Welcome to the second of three posts about a short but eventful visit to Lima, Perú. The first post, Delicious Lima, covered some of the fantastic cuisine available in this South American city, and the next will take a look at the Historic District. In this article, I’d like to share some of the sights and experiences of Walking in Lima.
When you arrive in Lima, your first reaction is likely to be “this is a BIG city!” And you would be correct. The capital and largest city of Perú covers over 1000 square miles. It is home to almost 10 million people, and if you include the whole metro area, that figure climbs to over 12 million. The urban area consists of thirty different neighborhoods, or districts, with thirteen more making up the outlying less-populated areas. These districts have their own style and flavor, and because of this, despite its size we found Lima to be a very walkable city.
Since our time was limited, we spent most of our visit in just three of those districts: Miraflores, Barranco, and the Historic district of Lima, sometimes called Lima Centro.
Our hotel was just a few blocks from the sea, so naturally our first walk after we checked in was to see the Larcomar, an outdoor mall built into the cliff overlooking the Pacific Ocean.

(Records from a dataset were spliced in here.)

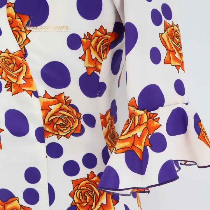 フラメンコ 衣装 ワンピース ドレス ペチコート 紫 オレンジ ドット 水玉 花柄 パープル系 ダンス 舞台 パーティ 発表会 カラフル ステージ衣装 フェス モダン 可愛い フリル付き エレガント 大人 コスチューム 踊り かわいい
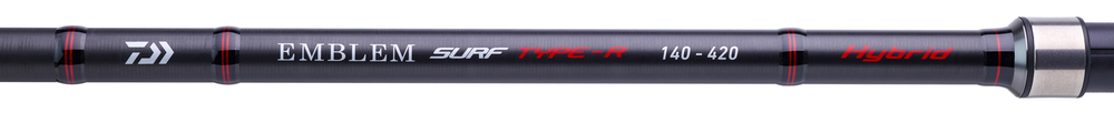 Les Emblem Surf Type R proposent un blank très fin aux éléments égaux et dont le poids réduit va permettre aux pêcheurs en surfcasting de prendre un plaisir maximal en pêche. Les modèles dotés d'un scion plein dit "hybride" sont équipés d'un enroulement de bande réfléchissante sur une base de peinture phosphorescente afin de faciliter la visibilité lors des pêches nocturnes. Il est également important de noter que ces fameux scions hybrides sont équipés d'un anneau simple patte sur son extrémité afin d'augmenter la réponse du scion sur les petites tirées de poissons méfiants et d'avoir une action très marquée lors de la mise en place de la canne sur sa pique.
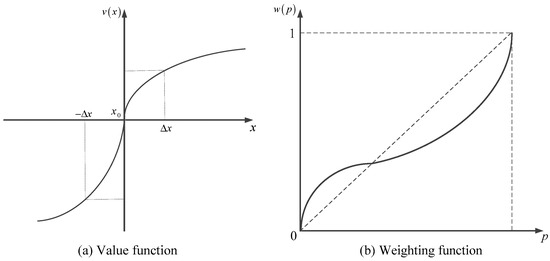 where the parameters , measure the degree of the diminishing sensitivity to change in both directions from the reference point , parameter captures the degree of loss aversion, parameters reflect the level of distortion in the probability judgment. is the probability of an outcome . Figure 11 illustrates the value function and the weighting function. Suppose an alternative denoted by the pair is composed of possible outcomes with probabilities , respectively. Then, the cumulative decision weights are defined as follows:
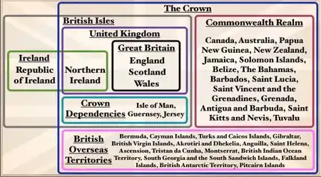 Americans often think that the terms "United Kingdom", "Britain", and "England" can be used interchangeably,[note 6] which just shows what they know. For the record: England, Scotland and Wales make up the island called Great Britain. Add Northern Ireland (and lots of other smaller islands) and you have the United Kingdom. The "British Isles" is the physical landmass which includes all the small islands. "Britain" (minus the "Great") doesn't actually have any meaning but tends to be used interchangeably with "Great Britain." See, easy.
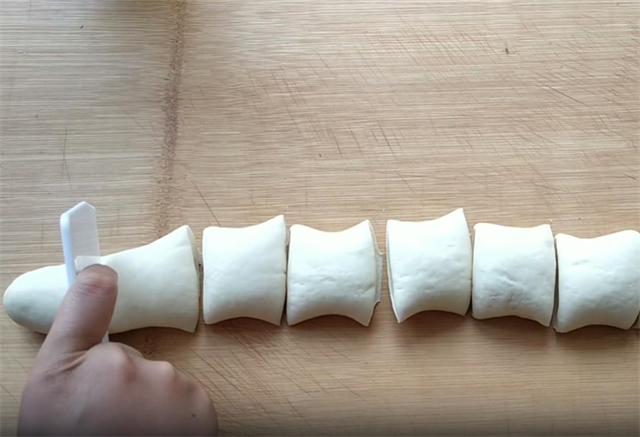 2.面团醒发至原来的两倍大,我们把它放在案板上揉搓排气,一定要多揉一会儿,把里面的气体排净,这样我们二次醒发的时候气孔才会更加细腻,把揉好的面,我们像这样搓成长条,然后下大约8到10个面剂即可。
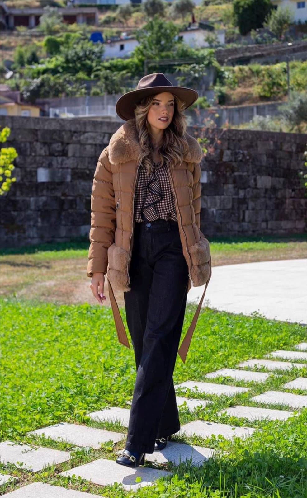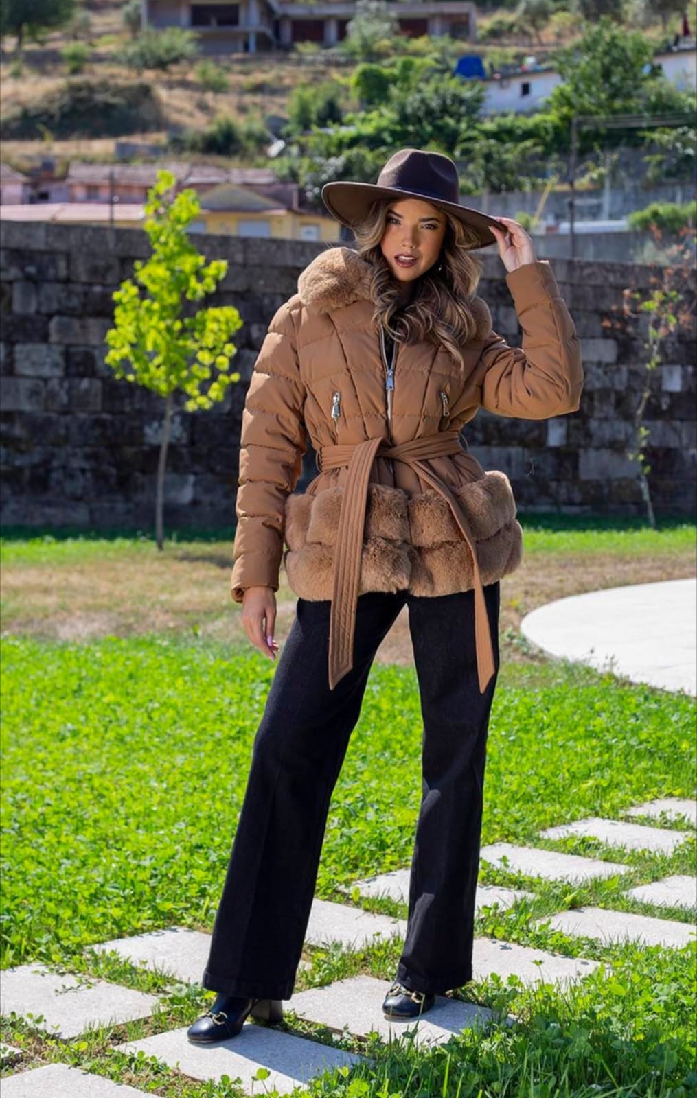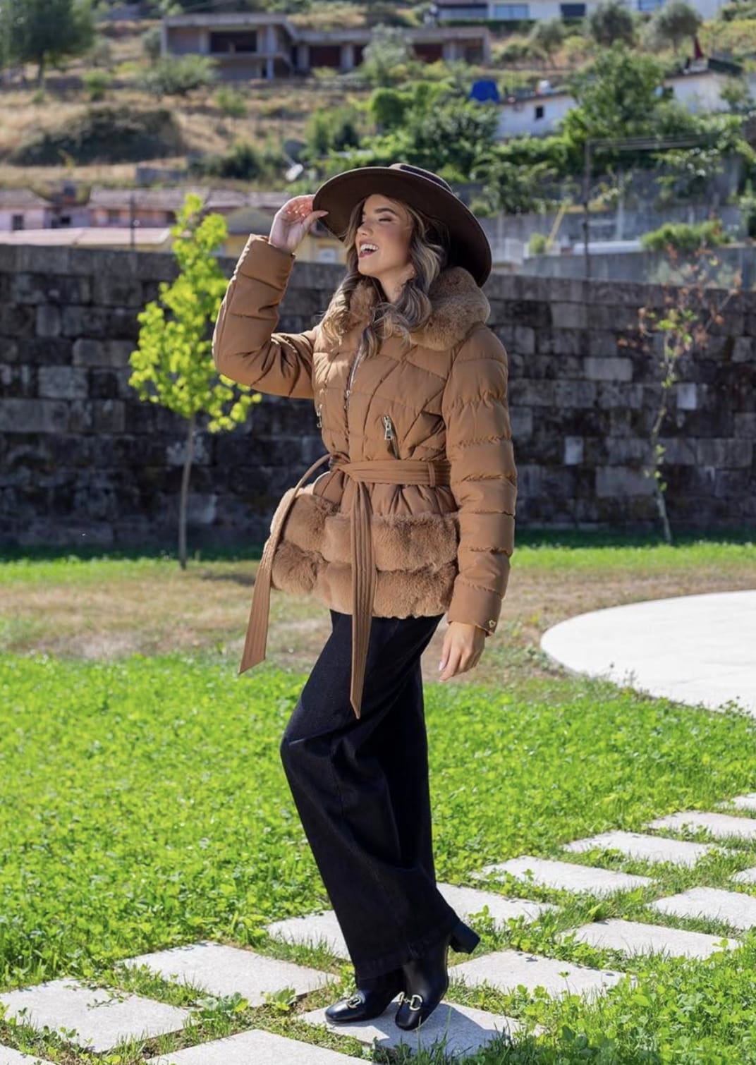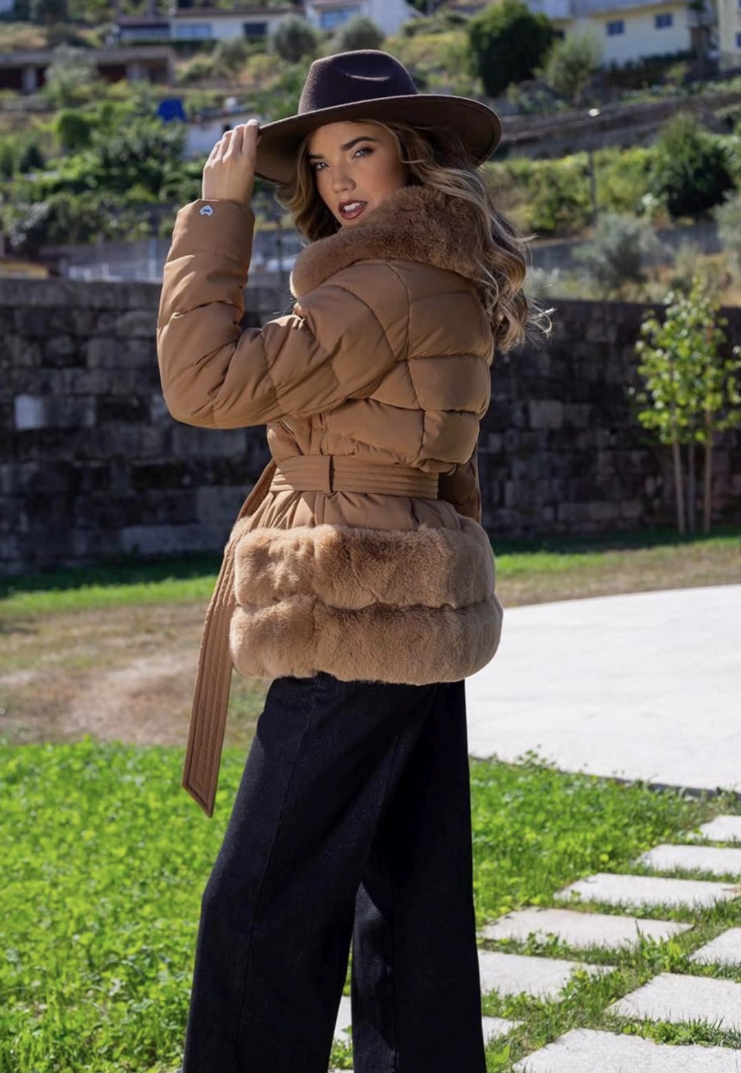 Elegante, quente e irresistivelmente sofisticado — este casaco em tom camel é a peça perfeita para elevar os seus looks de inverno. Com design acolchoado e aplicação de pêlo macio na gola e na zona inferior, garante conforto térmico sem perder o charme.

There are 70+ shops and at least 17 restaurants in this attractive, open-air shopping center. It was a great place to walk around, enjoy the view, and relax a bit after our flight in from Cusco. Prices in the mall seemed a little high, but that is not too surprising as this is a “tourist trap” type location, in an upscale part of the already upscale Miraflores. As we found later exploring some of the shopping centers off the beach, there were actually some pretty decent bargains to be had, for example at the “OE” store (Oechsle).
The next day, we went back to the Mall to pick up the rambla, and headed south to check out the neighboring district of Barranco. It’s a lovely walk, even on a cloudy day.
Barranco is known as a kind of Bohemian neighborhood, famous for a variety of bars and restaurants. We’ll see more of that in a bit, but for now, we were enjoying walking along the oceanside cliff on the rambla. There are several small parks along the way, even a dog park or two.
This part of Barranco, indeed all along the rambla, you find lots of high-rise apartments and condos, all taking advantage of the great views of the Pacific. As you might imagine, these homes are priced a little high. The cheapest one-bedroom places I found advertised were renting for about $1400 a month.
Next, we turned to the east to explore more of the center of the neighborhood. This was very different from the coast. We saw interesting architecture, and blocks of homes painted in bright colors, or decorated with wall murals.
Our goal was to reach the Puente de los Suspiros – the Bridge of Sighs – and find a nice place to eat lunch. We have visited the Bridge of Sighs in Venice, Italy, but this is a completely different deal. The one in Venice got its name as the last walk of prisoners destined to be tortured and/or imprisoned on the other side. In Lima, the bridge is named after the sighs of lovers. Completely different kind of sighing (at least, if you’re doing it right). Over time, the area around this bridge has become a focus of art, food and bars. We entered the park that surrounds this bridge, greeted by a giant ant.
For pictures of the lunch we had at Javier’s Restaurant (sign in the distance above), see the Delicious Lima post.
Later that day, we walked east from our hotel and enjoyed the Parque Central de Miraflores and the adjacent Kennedy Park. We caught part of a flea market of sorts at the Kennedy Park, which is also interesting as it is a refuge for homeless cats. They were everywhere there, and it was clear that it was their park that they were reluctantly sharing with us.
On this walk, we did some shopping at the stores around the parks, including the Oecshle (your guess at pronunciation is as good as mine). We were impressed with the pricing in this commercial district (shopping is one of the things Miraflores is known for), and I was able to find name-brand blue jeans in my size for what converted to $32 a pair.
On our last day, we also explored the rambla turning north from Larcomar. This stretch of the walkway sports a lighthouse, and the infamous “El Beso” statue in the Parque del Amor. This “Park of Lovers” is indeed a very romantic spot, with its 180 degree view of the Pacific. It is particularly stunning at sunrise and sunset, or when the sun is playing across the many mosaics that adorn the seating areas. This park is very popular with couples, to say the least.
The next park up, Malecon de Miraflores Junto Al Faro (faro=lighthouse), is also a launch point for parapentes – paragliders.
Parapentes in flight, below:
There you have a quick summary of some of the things we found walking around Miraflores and Barranco during our visit to Lima. Of course that is not all of our walking – all in all, we clocked about 18 miles in three days. But you have to remember, we had just completed the 26-mile Inca Trail a week earlier, so for us, it seemed pretty easy. After all, we were on mostly level ground, surrounded by bars, restaurants, and clean toilets!
Most of the rest, however involves two very interesting and historic areas. One is a pre-Incan pyramid in the heart of the modern city, and the other is the historic district of Lima Centro. We’ll take a look at those in the next chapter; Historic Lima.
Three days was just enough to whet our appetites. We look forward to making another trip to Lima, to spend more time exploring this beautiful and diverse South American city.